Directions » From the entries below, output the line with "Between 2007 and" and each following line up to and including the line with "73692541 alte Postkarte", exactly as written.

Task material »
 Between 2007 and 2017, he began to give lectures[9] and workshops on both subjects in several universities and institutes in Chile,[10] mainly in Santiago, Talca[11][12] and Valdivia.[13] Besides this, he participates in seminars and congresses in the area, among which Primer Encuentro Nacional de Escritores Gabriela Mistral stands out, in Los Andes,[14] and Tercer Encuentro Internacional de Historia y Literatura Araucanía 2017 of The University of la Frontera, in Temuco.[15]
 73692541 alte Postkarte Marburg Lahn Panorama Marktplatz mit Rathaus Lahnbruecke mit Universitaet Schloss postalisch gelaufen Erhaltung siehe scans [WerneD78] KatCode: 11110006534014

==

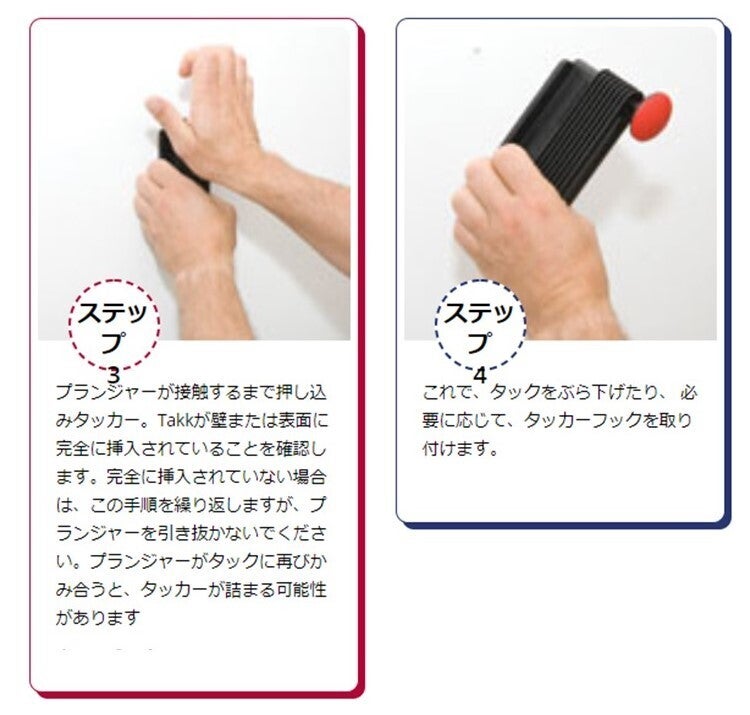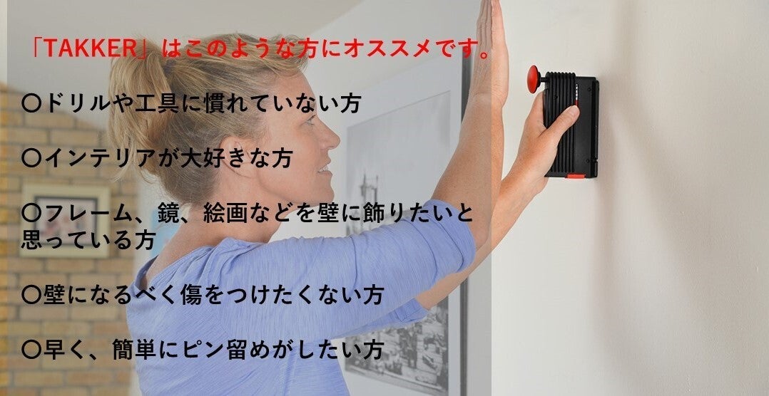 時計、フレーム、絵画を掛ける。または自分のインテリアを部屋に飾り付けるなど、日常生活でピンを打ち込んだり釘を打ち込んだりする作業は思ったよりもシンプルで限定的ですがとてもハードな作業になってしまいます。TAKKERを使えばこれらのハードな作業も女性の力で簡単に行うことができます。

Solution »
 Between 2007 and 2017, he began to give lectures[9] and workshops on both subjects in several universities and institutes in Chile,[10] mainly in Santiago, Talca[11][12] and Valdivia.[13] Besides this, he participates in seminars and congresses in the area, among which Primer Encuentro Nacional de Escritores Gabriela Mistral stands out, in Los Andes,[14] and Tercer Encuentro Internacional de Historia y Literatura Araucanía 2017 of The University of la Frontera, in Temuco.[15]
 73692541 alte Postkarte Marburg Lahn Panorama Marktplatz mit Rathaus Lahnbruecke mit Universitaet Schloss postalisch gelaufen Erhaltung siehe scans [WerneD78] KatCode: 11110006534014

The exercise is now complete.